Embodiment six: the Northern expression analysis of DvGapA1 under constant NaCl culture condition and NaCl high-salt stress condition
Research in the past is verified, and most glyceraldehyde-3-phosphate dehydrogenase genes that participate in the Calvin cycle approach are generally the gene of constitutive expression, are not subjected to the regulation and control of the external environment factor.In order to verify further whether the DvGapA1 that we are separated to also is constitutive expression on transcriptional level, we have extracted total RNA of the salt frustule of long term growth under different N aCl concentration culture condition, with the DvGapA1 full-length cDNA is probe, has carried out the Northern analysis, referring to Fig. 3.The result shows that the hybridization signal that different N aCl culture condition is obtained does not down have tangible difference, and the expression that shows DvGapA1 is not subjected to the influence of NaCl in the environment.
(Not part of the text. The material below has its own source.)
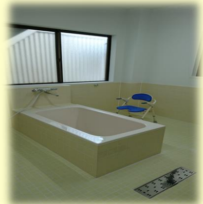
安心の静養室スペース 車イスでもゆったり入れるトイレ 車イスでもゆったり入れるお風呂

Show that through the salt frustule Northern analytical results after 1.0M NaCl → 2.0M NaCl concussion is cultivated DvGapA1 is not subjected to inducing of NaCl infiltration concussion, referring to Fig. 4, its expression also is a composing type.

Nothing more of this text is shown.